> RECORDS PROVIDED
-.-.-
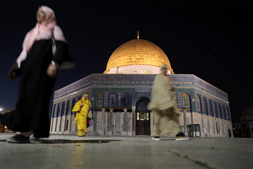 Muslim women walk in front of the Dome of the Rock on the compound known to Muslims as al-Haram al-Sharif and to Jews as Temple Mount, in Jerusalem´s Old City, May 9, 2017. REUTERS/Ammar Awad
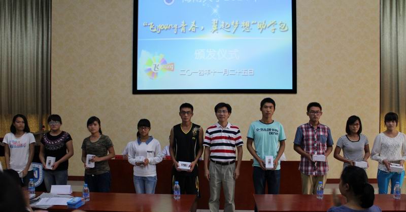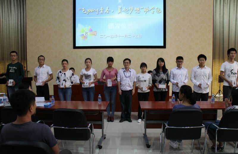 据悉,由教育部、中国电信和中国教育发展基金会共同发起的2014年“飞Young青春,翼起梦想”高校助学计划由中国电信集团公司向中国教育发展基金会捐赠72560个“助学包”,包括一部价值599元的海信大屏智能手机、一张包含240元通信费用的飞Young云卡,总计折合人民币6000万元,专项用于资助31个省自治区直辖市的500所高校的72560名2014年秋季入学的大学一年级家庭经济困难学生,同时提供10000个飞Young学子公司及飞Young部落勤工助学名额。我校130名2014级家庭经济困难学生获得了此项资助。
-.-.-
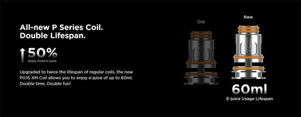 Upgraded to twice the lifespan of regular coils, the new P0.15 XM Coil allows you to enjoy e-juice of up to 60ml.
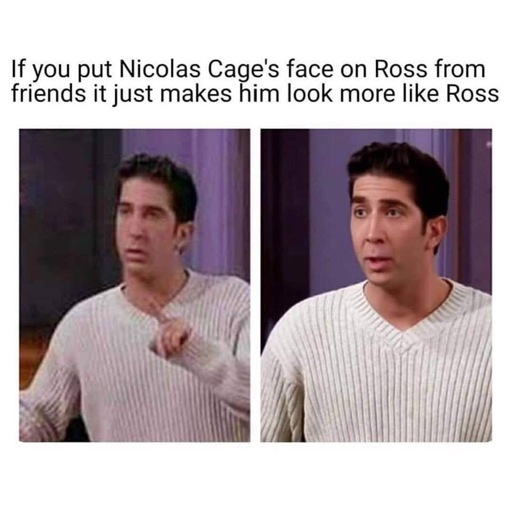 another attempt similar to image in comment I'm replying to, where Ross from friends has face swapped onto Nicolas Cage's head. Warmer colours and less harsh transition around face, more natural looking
-.-.-
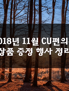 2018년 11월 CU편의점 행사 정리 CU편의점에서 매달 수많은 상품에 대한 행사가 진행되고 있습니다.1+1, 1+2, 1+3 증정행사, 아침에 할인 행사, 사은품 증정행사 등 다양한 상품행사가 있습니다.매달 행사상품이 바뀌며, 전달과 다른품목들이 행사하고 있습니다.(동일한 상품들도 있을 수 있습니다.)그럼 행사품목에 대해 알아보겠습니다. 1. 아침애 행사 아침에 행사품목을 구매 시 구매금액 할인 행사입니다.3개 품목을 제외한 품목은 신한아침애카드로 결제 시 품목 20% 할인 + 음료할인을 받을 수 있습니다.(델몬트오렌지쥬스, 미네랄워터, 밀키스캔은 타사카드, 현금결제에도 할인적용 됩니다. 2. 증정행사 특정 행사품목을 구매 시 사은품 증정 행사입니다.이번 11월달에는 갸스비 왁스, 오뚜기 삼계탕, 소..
-.-.-
> WHAT YOU NEED TO DO
From the records above, copy only the lines running from the line containing "Upgraded to twice" to the line containing "another attempt similar", both ends included. Leave the pictures out.

> FINISHED EXERCISE
 Upgraded to twice the lifespan of regular coils, the new P0.15 XM Coil allows you to enjoy e-juice of up to 60ml.
 another attempt similar to image in comment I'm replying to, where Ross from friends has face swapped onto Nicolas Cage's head. Warmer colours and less harsh transition around face, more natural looking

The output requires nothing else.